Initialize 64-bit variables

Hi all,

Here’s the following C code:

void main()
{
long long int a = 0x7aaabbbb80001111;
}

After the command

riscv64-unknown-elf-gcc-7.1.1 -Dmarch=rv64i -S -o store.s store.c

I get the following asm instruction pair to initialize the variable ‘a’:

    lui     a5,%hi(.LC0)
    ld      a5,%lo(.LC0)(a5)


.LC0:
.dword 8839083632648786193
.ident “GCC: (GNU) 7.1.1 20170509”

Although ‘a’ gets the intended value (0x7aaabbbb80001111 == 8839083632648786193), I do not understand how the lui and ld instructions achieve this.

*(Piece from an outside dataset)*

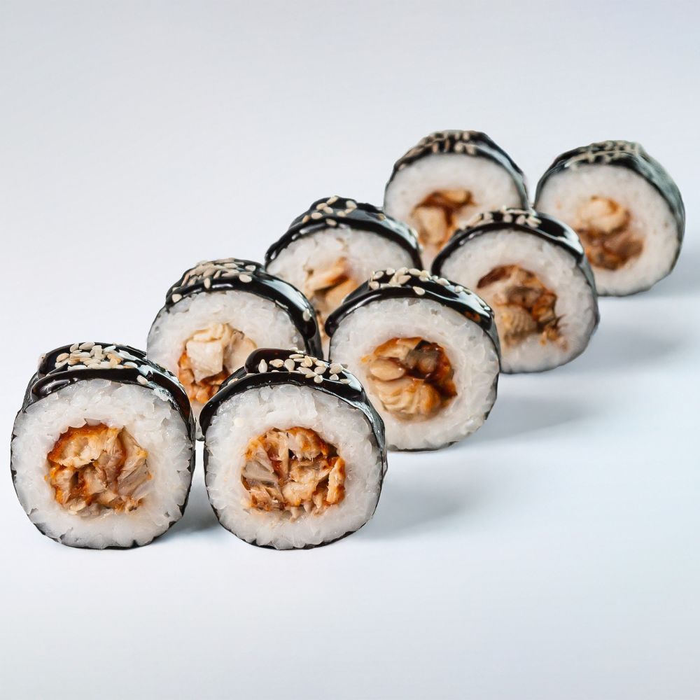 Нори, рис "SHINAKI", угорь, соус "Унаги", кунжут Данный продукт может содержать мелкие фрагменты косточек
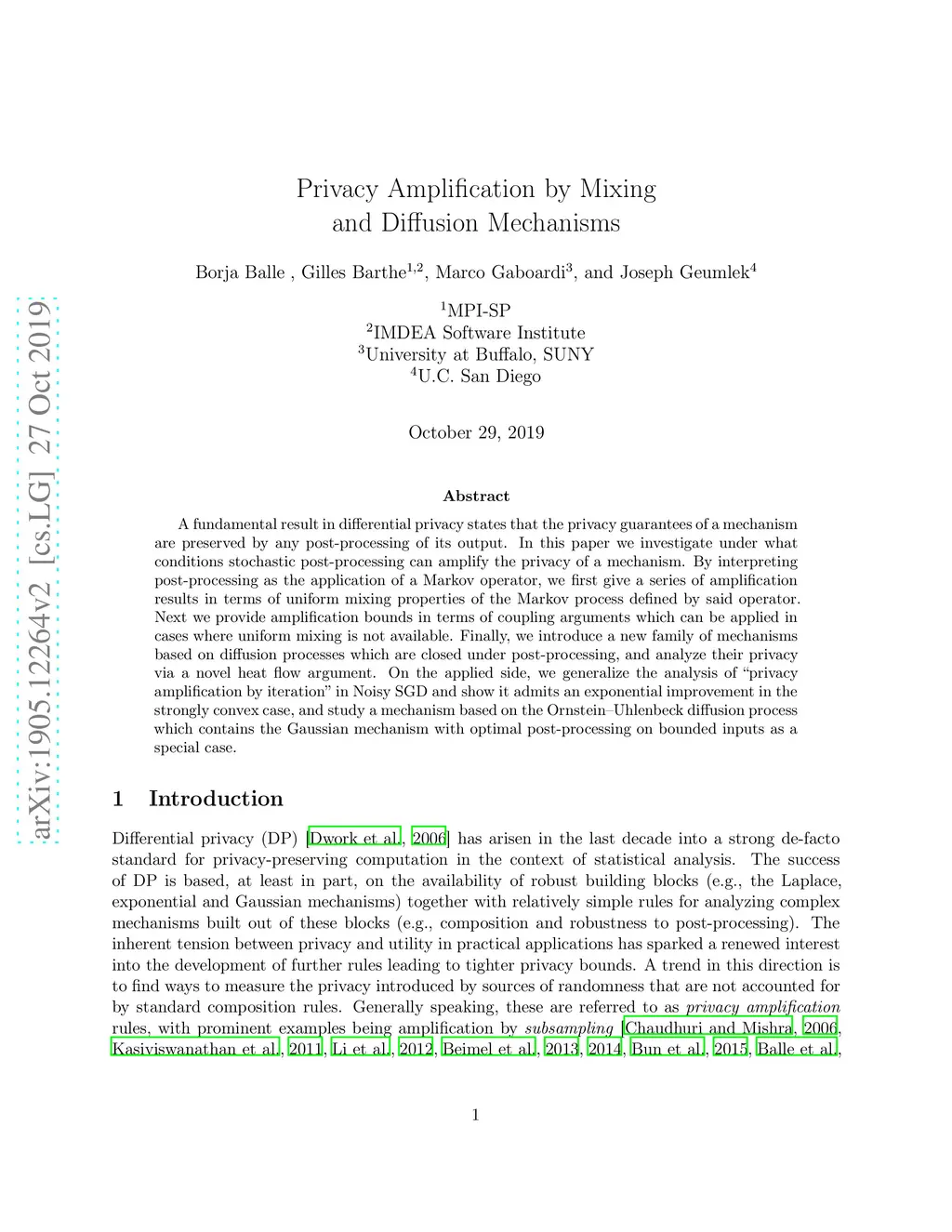 Privacy Amplification by Mixing and Diffusion Mechanisms

I.e., what is the exact definition of %hi(.LC0), %lo(.LC0)(a5), .LC0, and .dword?

Thanks,
Ron

You can find instruction definitions in the ISA manual.
https://riscv.org/specifications/
There is a blog that talks about how relocations work
https://www.sifive.com/blog/2017/08/21/all-aboard-part-2-relocations/

Jim

That blog entry about relocations is exactly what I needed, thank you!

I’ve been thinking, during which step of the flow does the constant (0x7aaabbbb80001111 == 8839083632648786193) get written into data memory? So that ld can be used to initialize the variable.

The compiler put the value in a data section. It gets loaded into memory when the program is loaded into memory.